Data shown:
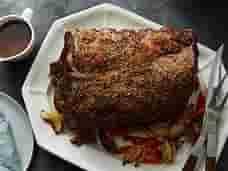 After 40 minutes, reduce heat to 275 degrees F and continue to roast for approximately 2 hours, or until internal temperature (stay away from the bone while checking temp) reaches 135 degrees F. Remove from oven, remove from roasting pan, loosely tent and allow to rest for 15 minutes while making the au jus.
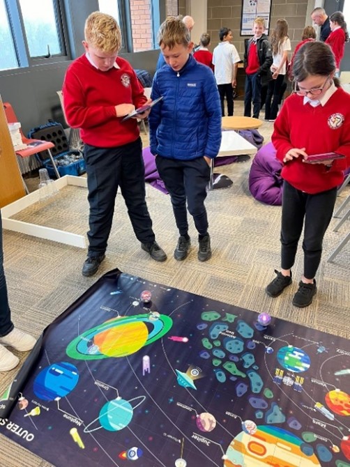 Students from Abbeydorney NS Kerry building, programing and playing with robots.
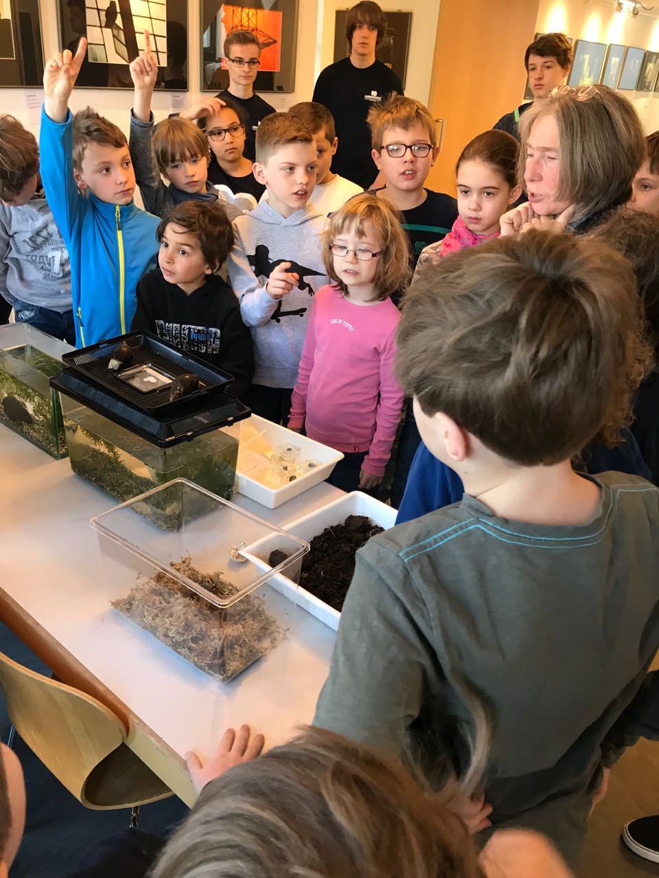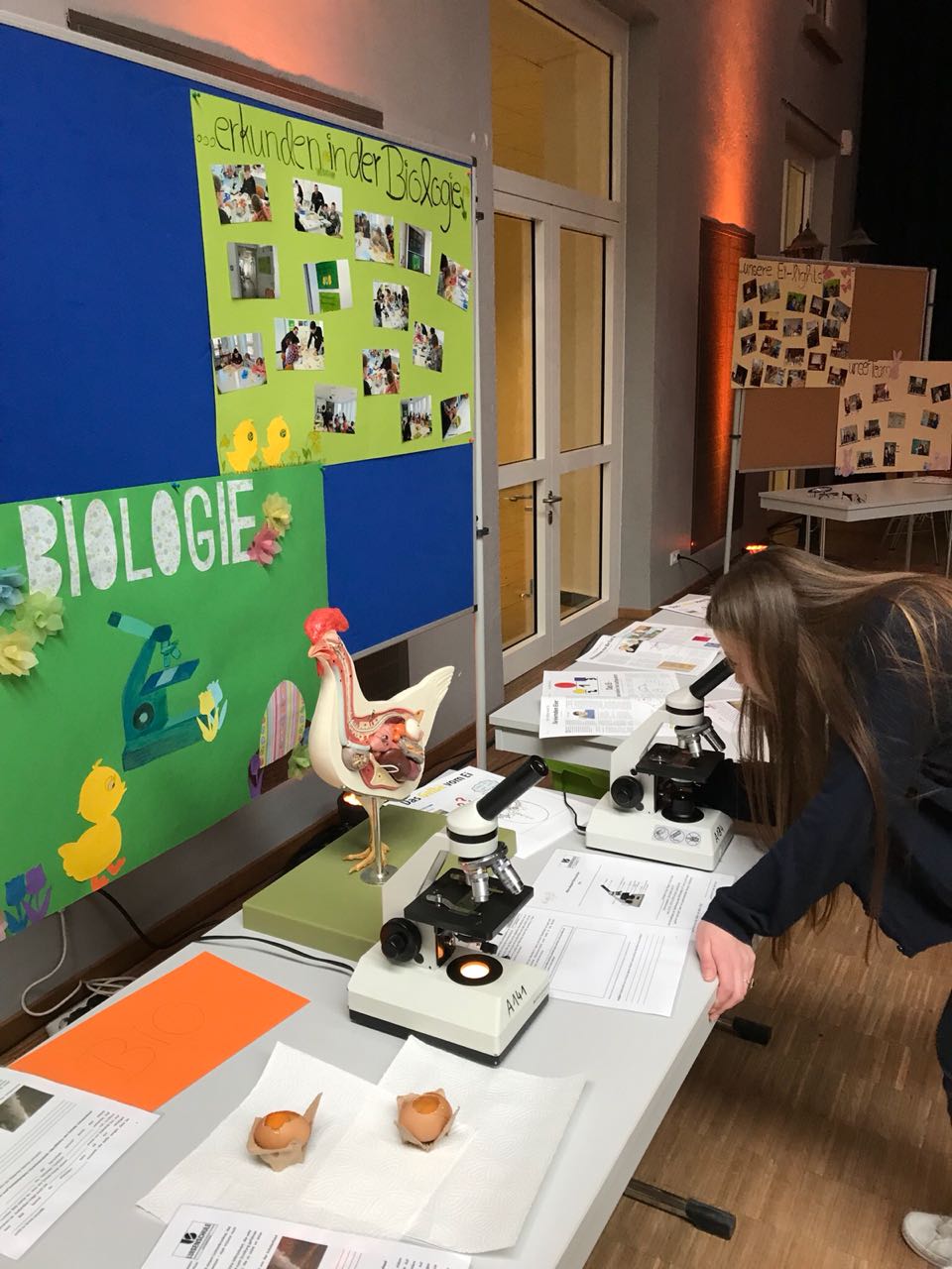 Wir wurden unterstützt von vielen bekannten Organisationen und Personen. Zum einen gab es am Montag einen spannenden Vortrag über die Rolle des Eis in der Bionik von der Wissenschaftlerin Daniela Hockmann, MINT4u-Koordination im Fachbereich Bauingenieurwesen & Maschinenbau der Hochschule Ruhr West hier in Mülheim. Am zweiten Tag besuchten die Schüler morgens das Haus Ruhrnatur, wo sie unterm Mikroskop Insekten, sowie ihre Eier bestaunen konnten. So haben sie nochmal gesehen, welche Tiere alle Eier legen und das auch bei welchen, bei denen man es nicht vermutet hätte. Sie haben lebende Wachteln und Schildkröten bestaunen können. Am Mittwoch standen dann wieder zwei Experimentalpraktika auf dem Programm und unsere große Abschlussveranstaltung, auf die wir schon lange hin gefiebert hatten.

==

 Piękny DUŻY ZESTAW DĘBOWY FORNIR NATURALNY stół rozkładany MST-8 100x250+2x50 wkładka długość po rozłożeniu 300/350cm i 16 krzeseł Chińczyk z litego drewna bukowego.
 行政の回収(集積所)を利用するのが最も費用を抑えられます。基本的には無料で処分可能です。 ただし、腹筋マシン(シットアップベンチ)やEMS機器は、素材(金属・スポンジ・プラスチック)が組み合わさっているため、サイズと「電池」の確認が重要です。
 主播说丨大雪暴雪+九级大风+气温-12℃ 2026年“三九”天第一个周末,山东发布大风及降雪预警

What the task asks: Reproduce exactly the lines of the records above from the one with "Piękny DUŻY ZESTAW" to the one with "主播说丨大雪暴雪+九级大风+", both included, and leave out everything else.

Result of this task:
 Piękny DUŻY ZESTAW DĘBOWY FORNIR NATURALNY stół rozkładany MST-8 100x250+2x50 wkładka długość po rozłożeniu 300/350cm i 16 krzeseł Chińczyk z litego drewna bukowego.
 行政の回収(集積所)を利用するのが最も費用を抑えられます。基本的には無料で処分可能です。 ただし、腹筋マシン(シットアップベンチ)やEMS機器は、素材(金属・スポンジ・プラスチック)が組み合わさっているため、サイズと「電池」の確認が重要です。
 主播说丨大雪暴雪+九级大风+气温-12℃ 2026年“三九”天第一个周末,山东发布大风及降雪预警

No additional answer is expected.